Well, I took the plunge and bought 6 licenses last night.

Problem getting it installed at all on one laptop. Then I noticed NIS2009 icon was not displayed and I could not start its GUI interface. A safe mode full scan with NIS2009 came up negative.

I used the Norton Removal tool to deinstall NIS2009 and re-downloaded the NIS2009 install.

I am currently backing this machine up with IFW while I download latest Norton Recovery Tool ISO to burn, boot from and run after the backup is complete.

Next, I will try reinstall of NIS2009.

THEN, I will retry install of Prevx Edge.

Any guidance advice on my plan?

How can I exclude drives or folders from being scanned?

Help file:
http://info.prevx.com/edgehelp.asp

soft, see detection overrides.

"Detection Overrides provide the user with the ability to change the default Edge behavior when it encounters specific files or folders. To add an override, click the "Add Override" button. This will open a dialog which will allow you to browse to a file or folder which you would like to modify the Edge behavior over.
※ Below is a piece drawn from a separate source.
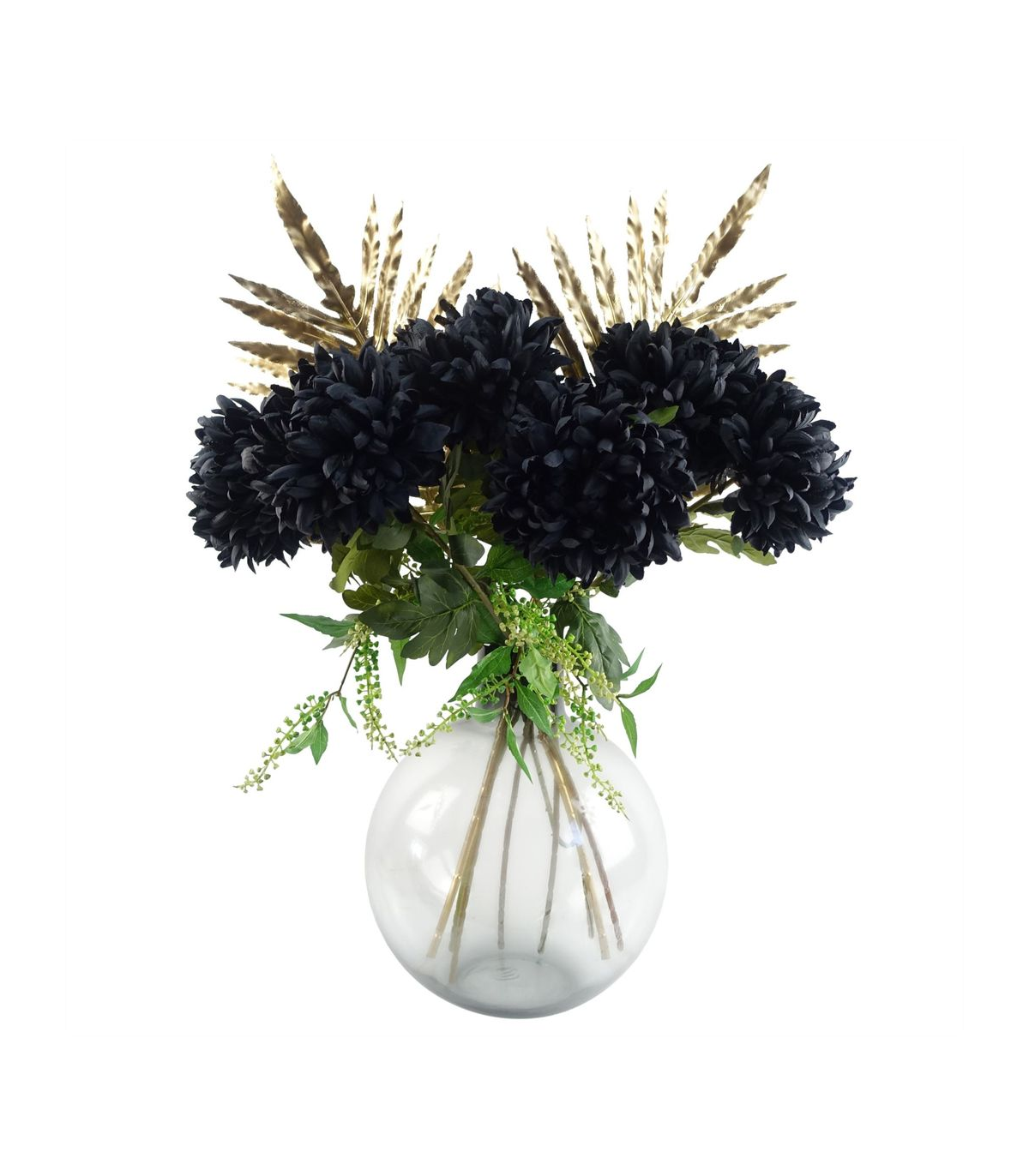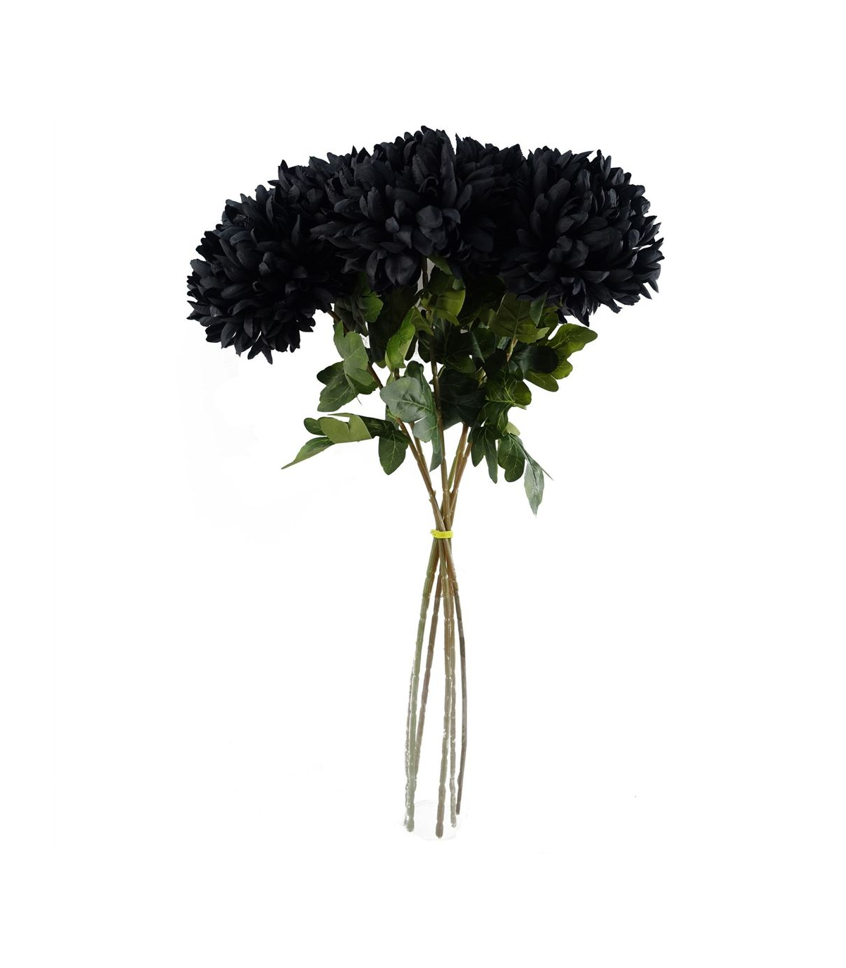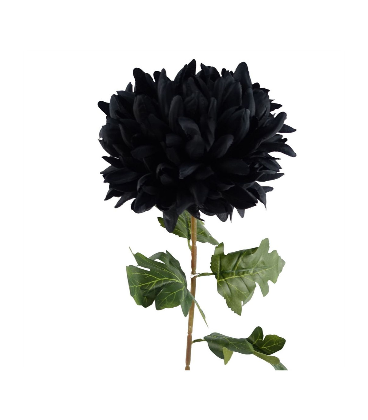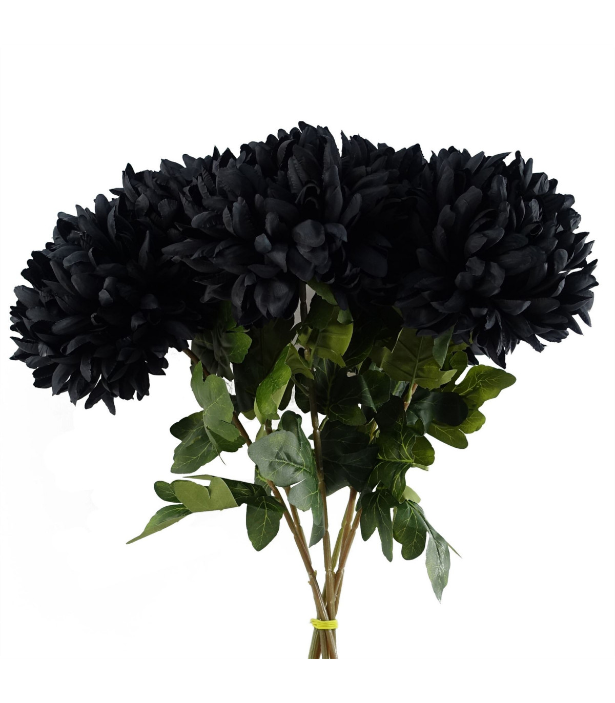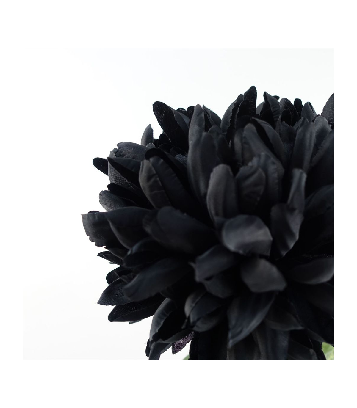 Pack of 6 x Black extra large Reflex Chrystanthemum with silk petals. Can be used to make arrangements with our other artificial flowers or as decorations on their own. Each stem measures 75cm overall height x 20cm wide x 20 deep and has a single large flower head. Flowers are silk. These are easy to cut down shorter using a pair of wire cutters if required. Some of our photos show vases to give an idea of size and possibilities for arrangement but no vases or planters are included with these flowers.

If you select a folder, the folder will continue to be scanned but no detections will be reported. Edge will prevent you from selecting certain system folders from being excluded from the scan to prevent malicious software from exploiting the feature to evade detection."

Folks,

Can anyone confirm that PE is *Fully* Vista x64 compatible?.Has anyone had any issue's.

TIA

-{ Quote: "Folks,

Can anyone confirm that PE is *Fully* Vista x64 compatible?.Has anyone had any issue's.

TIA" }-

It has been developed to be a native x64 application and is fully compatible with x64 :)

-{ Quote: "It has been developed to be a native x64 application and is fully compatible with x64 :)" }-

Thanks PrevxHelp,

I'll take the eval. ver. for a test drive on the new Asus G50vt, Vista home premium x64 box.

Joe, just checking to make sure that the option Block All will still be added one day.

-{ Quote: "Joe, just checking to make sure that the option Block All will still be added one day." }-

Just to clarify - block all meaning the automatic block function? That will be in the next release we put out (as well as a more logical Block dialog :))

Correct, so like on my kids PC, they dont get the option, it just blocks. The one reason I cant use a HIPS on their PCs, is, they have no idea.;)

-{ Quote: "Correct, so like on my kids PC, they dont get the option, it just blocks. The one reason I cant use a HIPS on their PCs, is, they have no idea.;)" }-this will be a good feature from prevx edge;)

-{ Quote: "Correct, so like on my kids PC, they dont get the option, it just blocks. The one reason I cant use a HIPS on their PCs, is, they have no idea.;)" }-

teach them the ways of HIPS :P lol sit them down and give them a lesson on it like theyre at school, haha ;D

-{ Quote: "Correct, so like on my kids PC, they dont get the option, it just blocks. The one reason I cant use a HIPS on their PCs, is, they have no idea.;)" }-
When the (Block all option) version comes out. I will buy the multi-computer license so I can use it on my kids PC too. :thumb:

Well, I FINALLY got my 6th license installed, 18 hours after buying them for the family network machines! Still got problems on that laptop, have recurrent chkdsk, can't get NIS2009 reinstalled so that it will open gui - cranking on it with Dr.Web right now.>:(

Although there were a few obvious false positives, Prevx Edge spotted and cleaned about a half dozen actual bad actors from several machines, a couple in the high threat class.:thumb:
I love the MyPrevx console to get the overall picture!